** Opening MATERIAL FOR THIS TASK block **
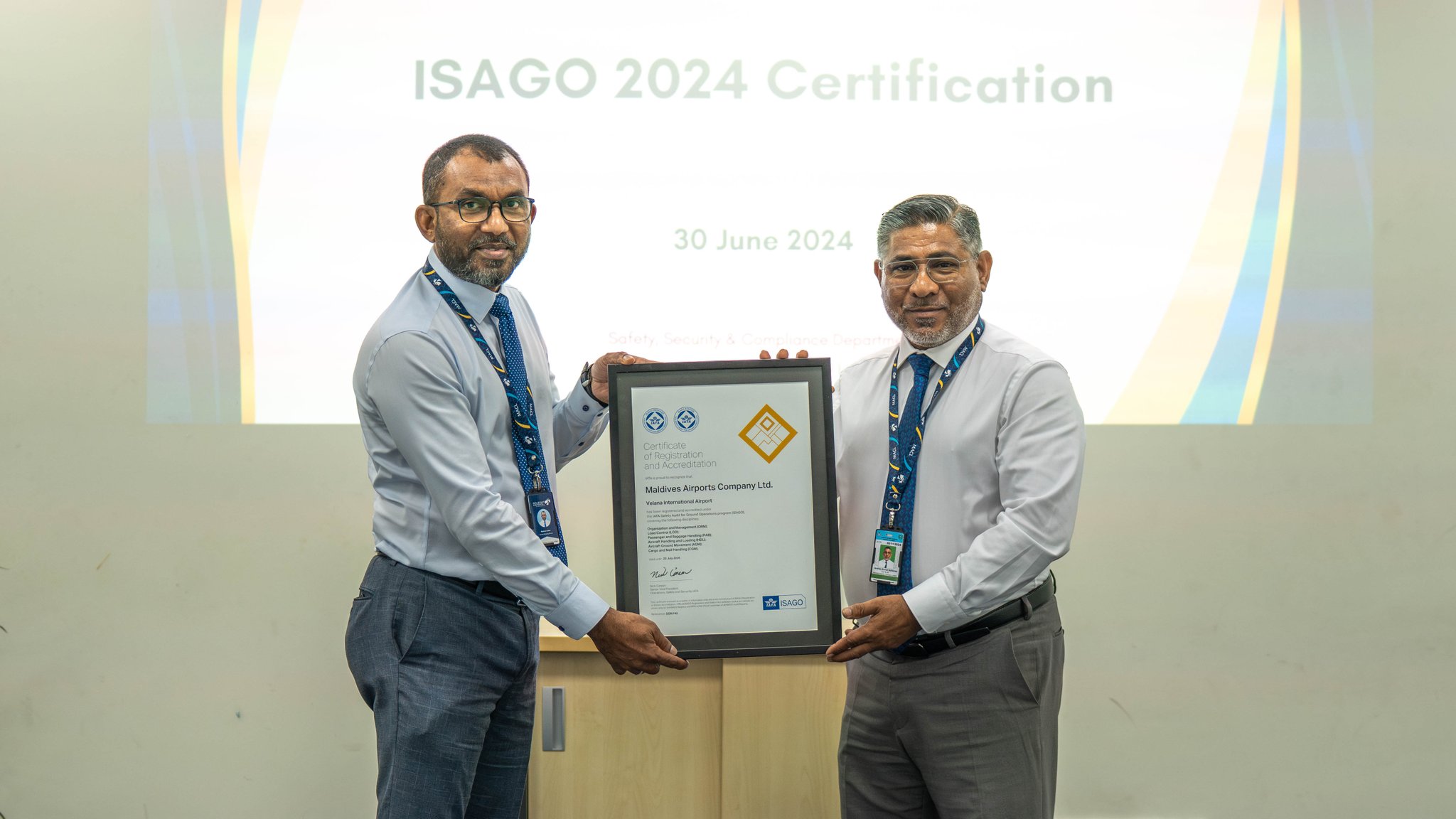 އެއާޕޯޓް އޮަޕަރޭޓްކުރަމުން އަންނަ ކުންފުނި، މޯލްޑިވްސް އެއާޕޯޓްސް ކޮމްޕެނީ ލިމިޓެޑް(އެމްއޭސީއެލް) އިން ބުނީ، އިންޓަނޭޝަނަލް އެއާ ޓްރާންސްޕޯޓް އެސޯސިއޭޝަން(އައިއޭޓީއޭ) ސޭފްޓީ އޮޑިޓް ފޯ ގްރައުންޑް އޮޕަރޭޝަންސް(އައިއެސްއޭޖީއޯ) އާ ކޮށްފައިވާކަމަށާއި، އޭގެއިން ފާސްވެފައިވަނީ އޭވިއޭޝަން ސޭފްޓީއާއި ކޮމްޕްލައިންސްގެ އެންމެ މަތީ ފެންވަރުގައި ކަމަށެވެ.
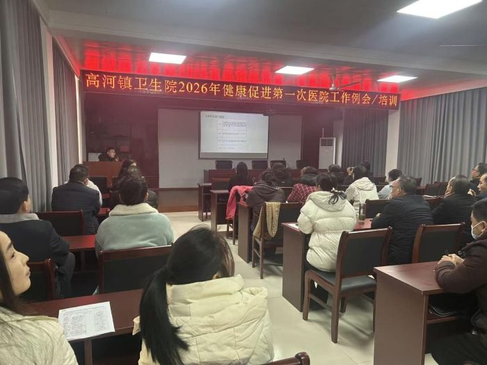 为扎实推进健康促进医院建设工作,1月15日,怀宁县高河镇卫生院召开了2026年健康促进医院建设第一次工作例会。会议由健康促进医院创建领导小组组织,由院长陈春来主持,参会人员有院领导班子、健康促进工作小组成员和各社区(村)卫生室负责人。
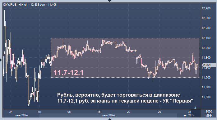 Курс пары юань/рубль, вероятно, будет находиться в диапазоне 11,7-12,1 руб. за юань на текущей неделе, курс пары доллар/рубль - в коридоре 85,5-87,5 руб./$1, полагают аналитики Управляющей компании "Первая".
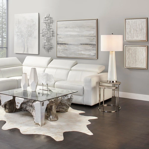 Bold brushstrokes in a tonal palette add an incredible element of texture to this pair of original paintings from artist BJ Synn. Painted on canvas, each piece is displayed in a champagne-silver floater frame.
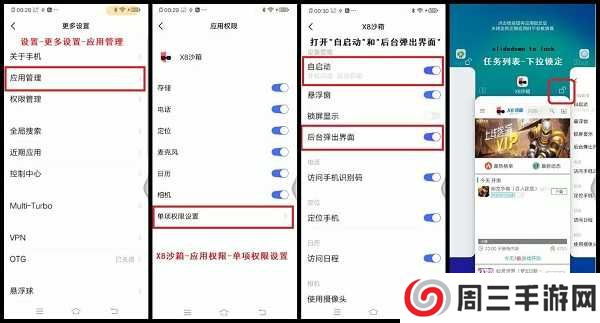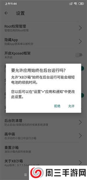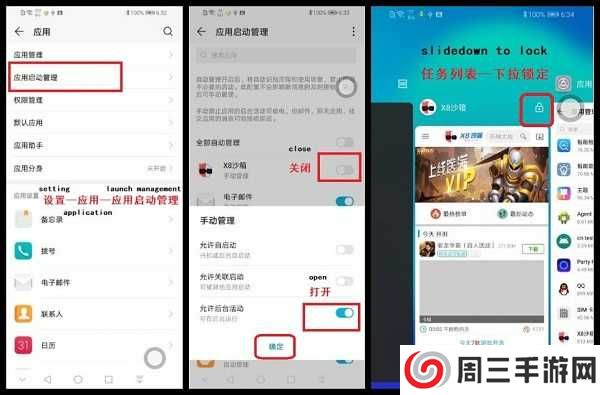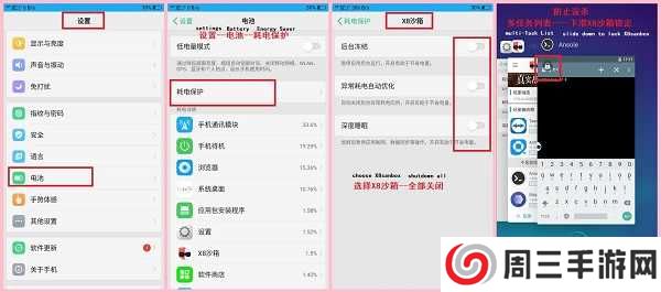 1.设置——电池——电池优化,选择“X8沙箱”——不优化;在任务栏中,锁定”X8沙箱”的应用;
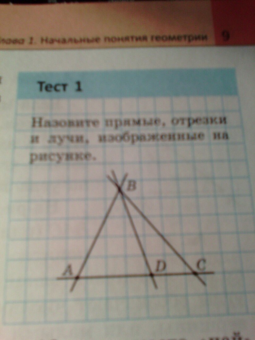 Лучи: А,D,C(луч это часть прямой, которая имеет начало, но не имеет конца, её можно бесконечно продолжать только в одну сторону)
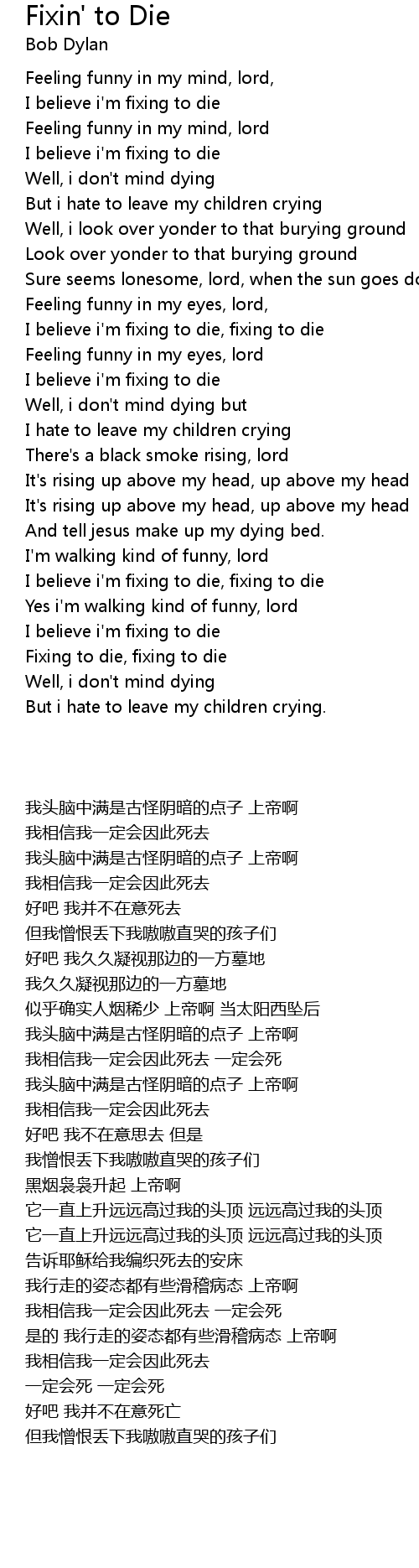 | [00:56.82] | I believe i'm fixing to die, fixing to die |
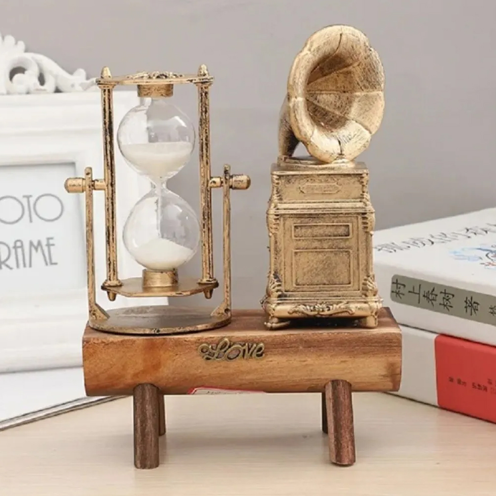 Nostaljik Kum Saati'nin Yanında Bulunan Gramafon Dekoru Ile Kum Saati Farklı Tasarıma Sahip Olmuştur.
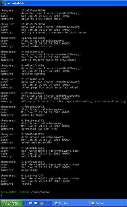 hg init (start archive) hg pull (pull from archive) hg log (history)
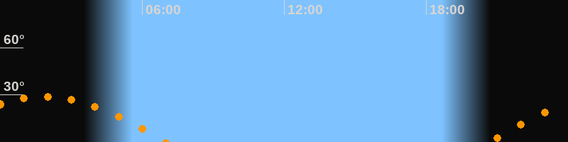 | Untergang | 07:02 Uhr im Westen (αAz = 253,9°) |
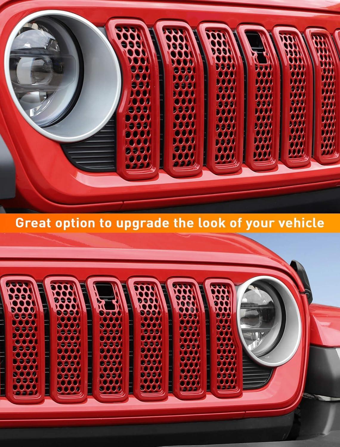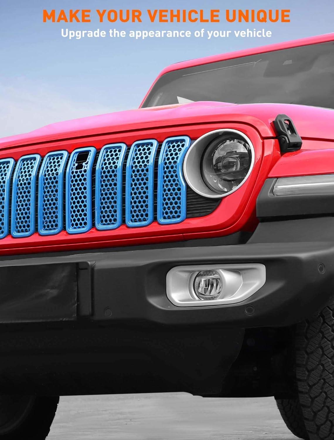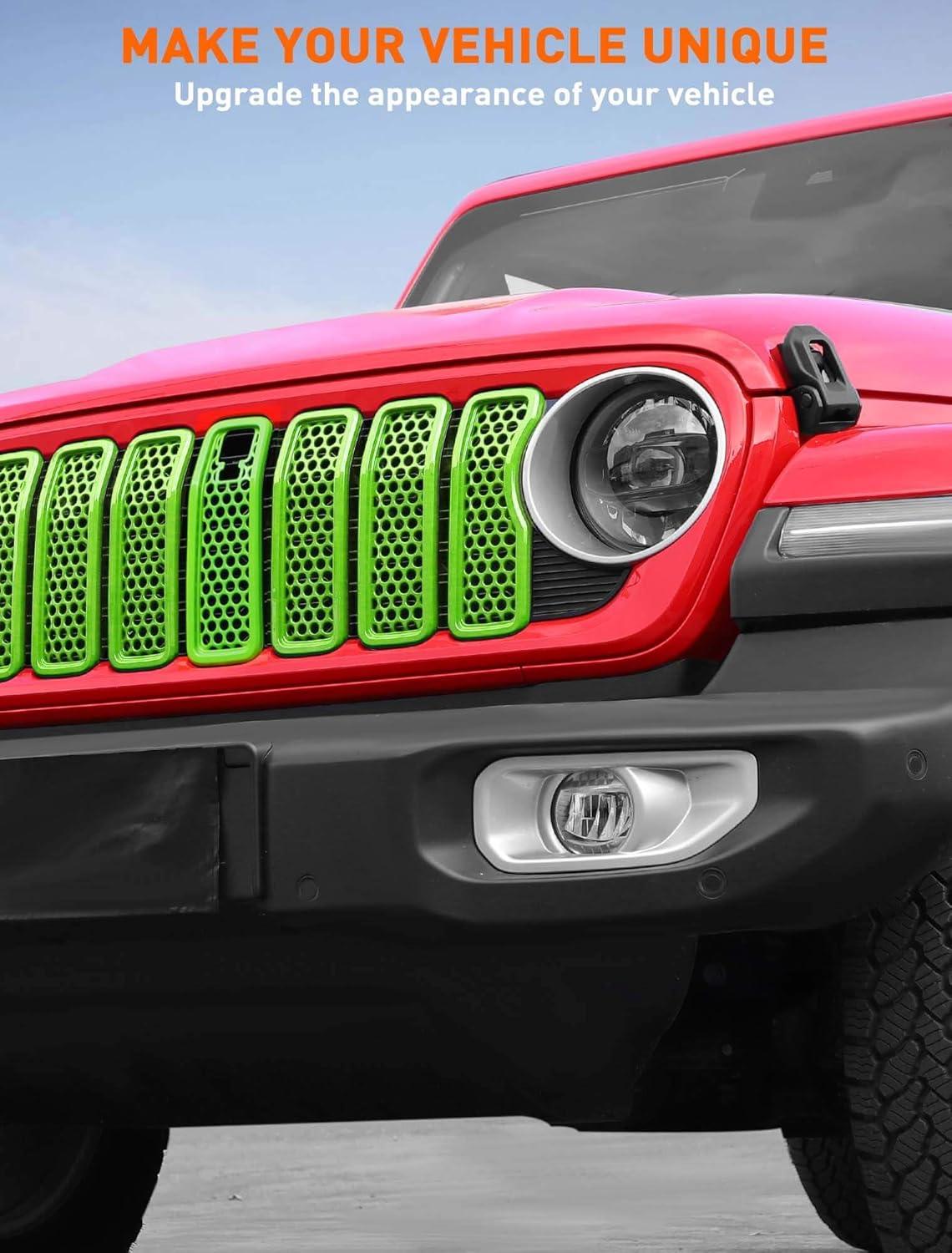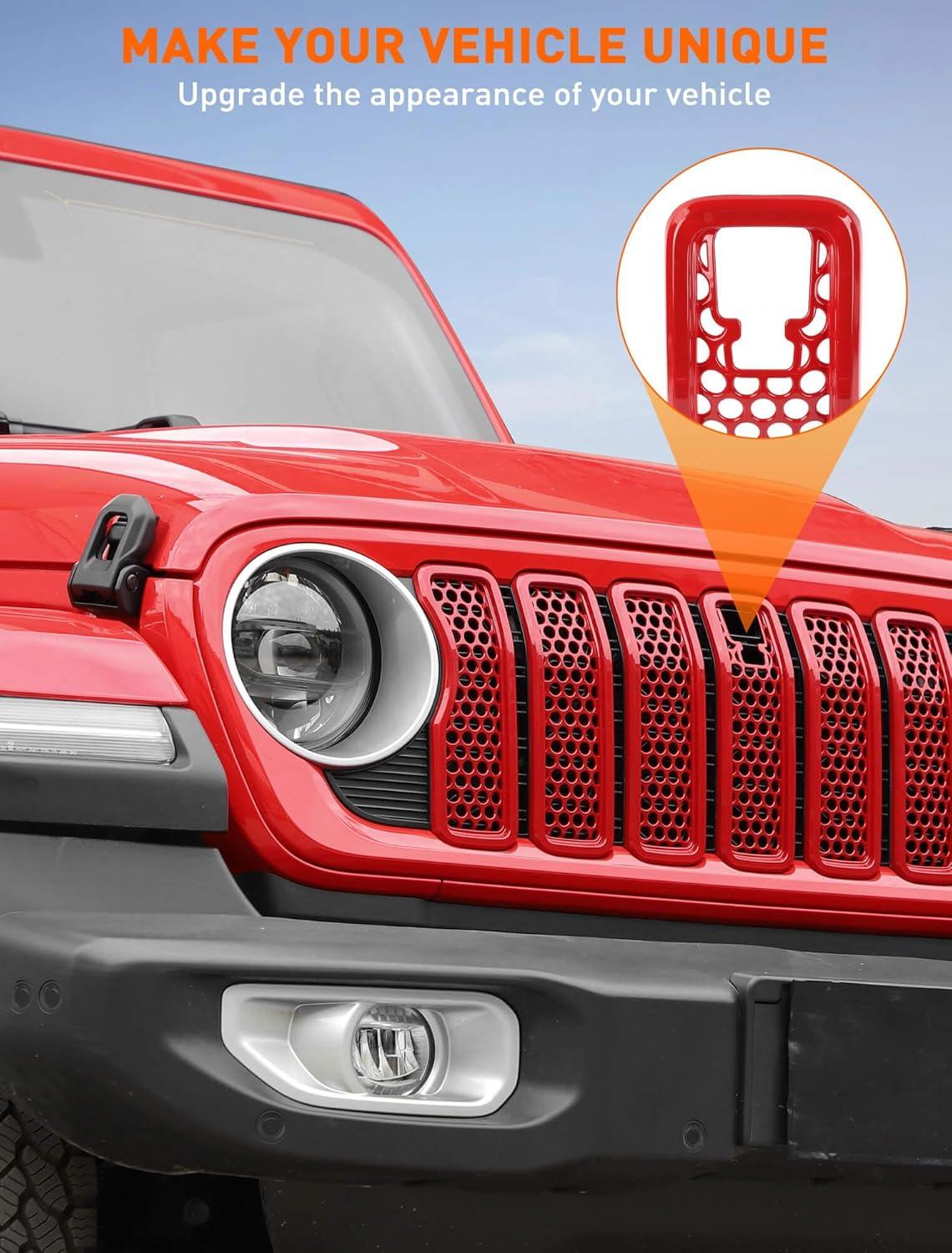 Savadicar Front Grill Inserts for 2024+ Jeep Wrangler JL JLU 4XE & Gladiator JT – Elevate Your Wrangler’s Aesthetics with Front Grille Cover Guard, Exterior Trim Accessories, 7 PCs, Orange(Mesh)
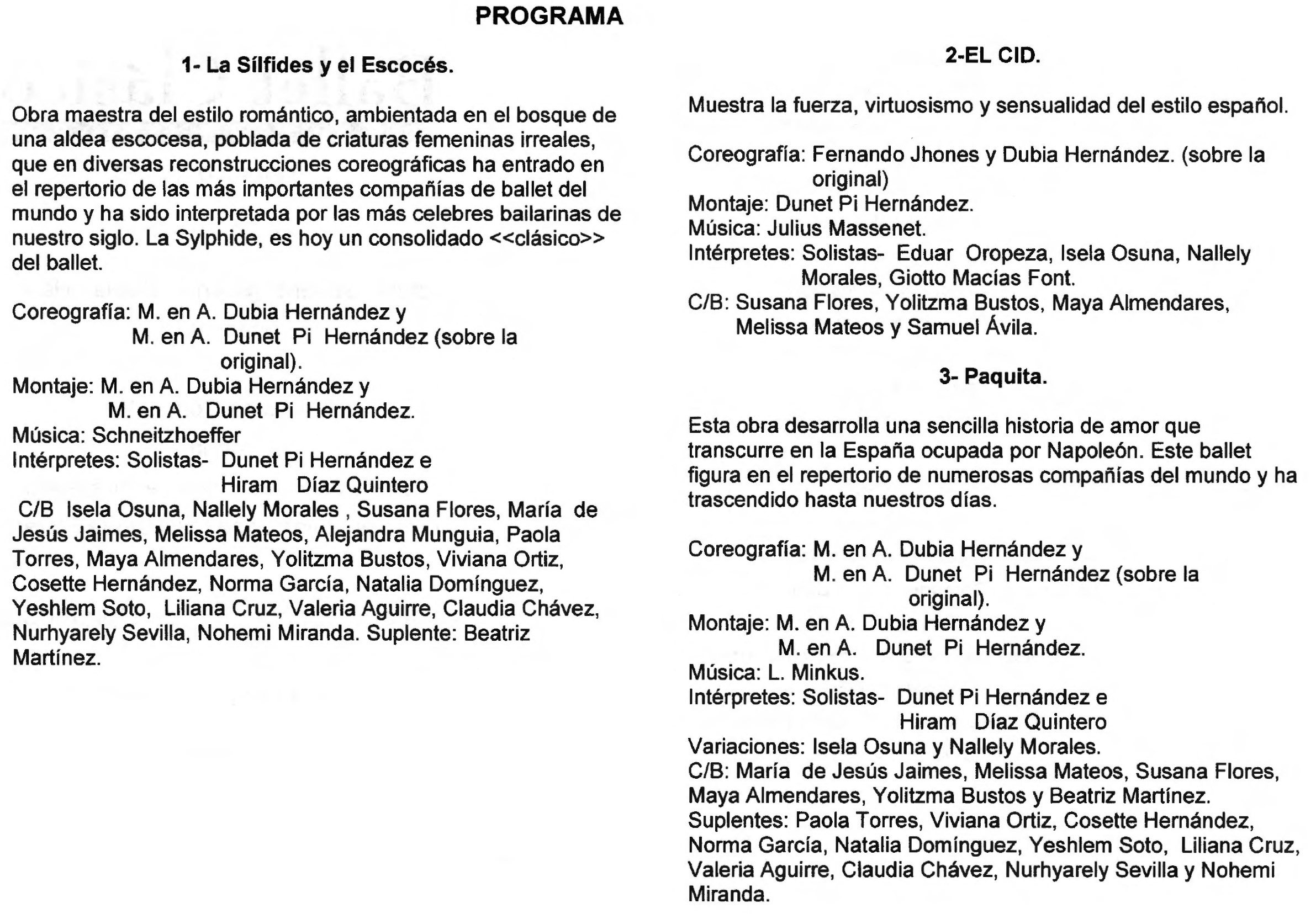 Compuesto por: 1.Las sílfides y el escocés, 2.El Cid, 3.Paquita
** Closing MATERIAL FOR THIS TASK block **
> **DESCRIPTION OF THE TASK**: Return the data above in its exact wording, with none of the pictures.

> **SOLUTION TO THE EXERCISE**:
 އެއާޕޯޓް އޮަޕަރޭޓްކުރަމުން އަންނަ ކުންފުނި، މޯލްޑިވްސް އެއާޕޯޓްސް ކޮމްޕެނީ ލިމިޓެޑް(އެމްއޭސީއެލް) އިން ބުނީ، އިންޓަނޭޝަނަލް އެއާ ޓްރާންސްޕޯޓް އެސޯސިއޭޝަން(އައިއޭޓީއޭ) ސޭފްޓީ އޮޑިޓް ފޯ ގްރައުންޑް އޮޕަރޭޝަންސް(އައިއެސްއޭޖީއޯ) އާ ކޮށްފައިވާކަމަށާއި، އޭގެއިން ފާސްވެފައިވަނީ އޭވިއޭޝަން ސޭފްޓީއާއި ކޮމްޕްލައިންސްގެ އެންމެ މަތީ ފެންވަރުގައި ކަމަށެވެ.
 为扎实推进健康促进医院建设工作,1月15日,怀宁县高河镇卫生院召开了2026年健康促进医院建设第一次工作例会。会议由健康促进医院创建领导小组组织,由院长陈春来主持,参会人员有院领导班子、健康促进工作小组成员和各社区(村)卫生室负责人。
 Курс пары юань/рубль, вероятно, будет находиться в диапазоне 11,7-12,1 руб. за юань на текущей неделе, курс пары доллар/рубль - в коридоре 85,5-87,5 руб./$1, полагают аналитики Управляющей компании "Первая".
 Bold brushstrokes in a tonal palette add an incredible element of texture to this pair of original paintings from artist BJ Synn. Painted on canvas, each piece is displayed in a champagne-silver floater frame.
 1.设置——电池——电池优化,选择“X8沙箱”——不优化;在任务栏中,锁定”X8沙箱”的应用;
 Лучи: А,D,C(луч это часть прямой, которая имеет начало, но не имеет конца, её можно бесконечно продолжать только в одну сторону)
 | [00:56.82] | I believe i'm fixing to die, fixing to die |
 Nostaljik Kum Saati'nin Yanında Bulunan Gramafon Dekoru Ile Kum Saati Farklı Tasarıma Sahip Olmuştur.
 hg init (start archive) hg pull (pull from archive) hg log (history)
 | Untergang | 07:02 Uhr im Westen (αAz = 253,9°) |
 Savadicar Front Grill Inserts for 2024+ Jeep Wrangler JL JLU 4XE & Gladiator JT – Elevate Your Wrangler’s Aesthetics with Front Grille Cover Guard, Exterior Trim Accessories, 7 PCs, Orange(Mesh)
 Compuesto por: 1.Las sílfides y el escocés, 2.El Cid, 3.Paquita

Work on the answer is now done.